* _The records_
####
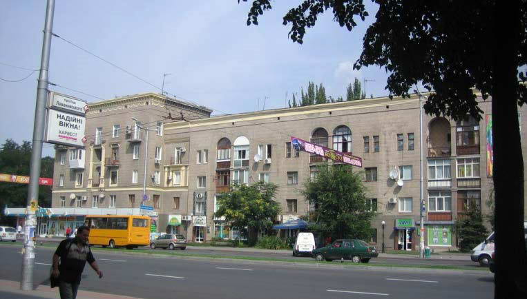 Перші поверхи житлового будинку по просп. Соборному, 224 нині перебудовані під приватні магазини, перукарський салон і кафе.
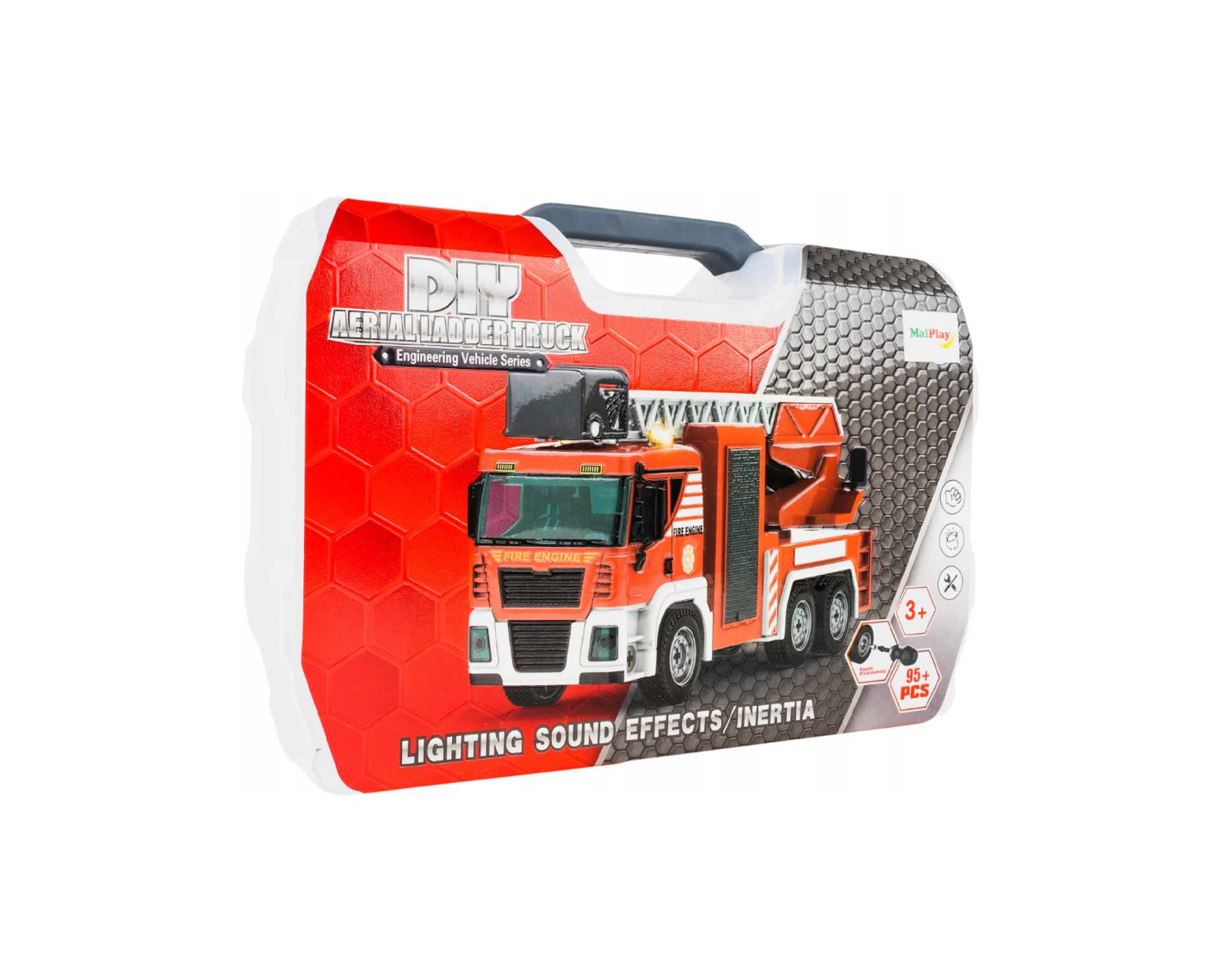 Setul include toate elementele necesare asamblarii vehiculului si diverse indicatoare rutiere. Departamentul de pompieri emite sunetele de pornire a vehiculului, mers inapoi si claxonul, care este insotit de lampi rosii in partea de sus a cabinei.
####
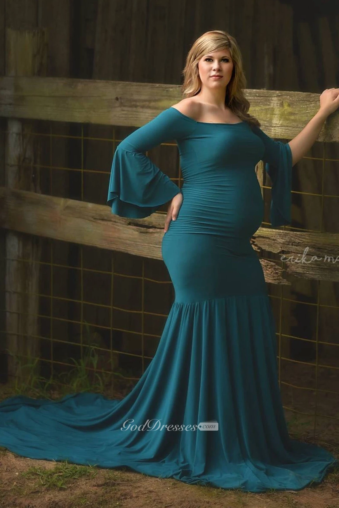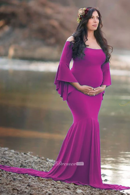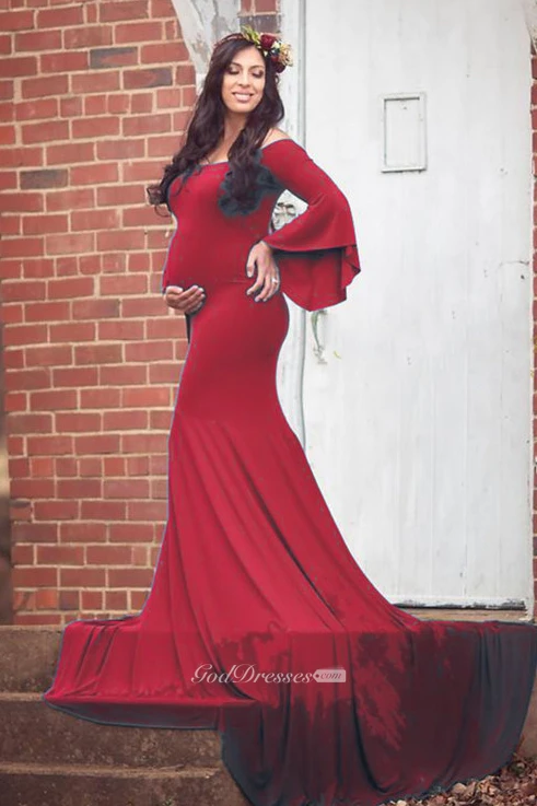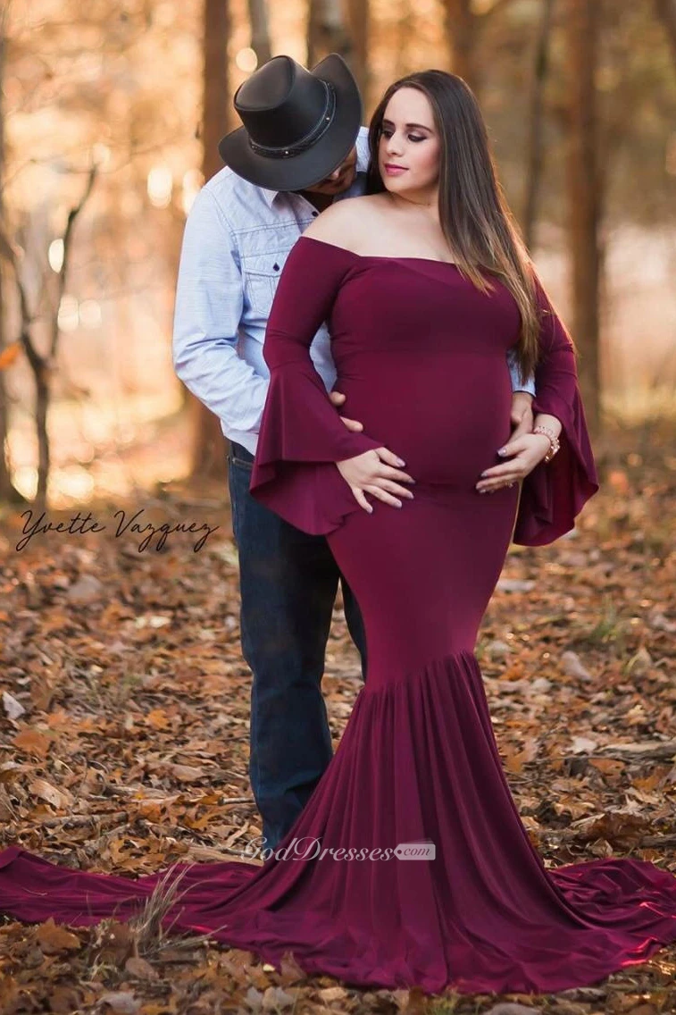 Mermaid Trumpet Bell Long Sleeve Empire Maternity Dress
####
* _To do_
Using the data above, which lines fall from the one with "Перші поверхи житлового" through the one with "Setul include toate"? Repeat them exactly, ends included, minus any pictures.

* _Exercise output_
 Перші поверхи житлового будинку по просп. Соборному, 224 нині перебудовані під приватні магазини, перукарський салон і кафе.
 Setul include toate elementele necesare asamblarii vehiculului si diverse indicatoare rutiere. Departamentul de pompieri emite sunetele de pornire a vehiculului, mers inapoi si claxonul, care este insotit de lampi rosii in partea de sus a cabinei.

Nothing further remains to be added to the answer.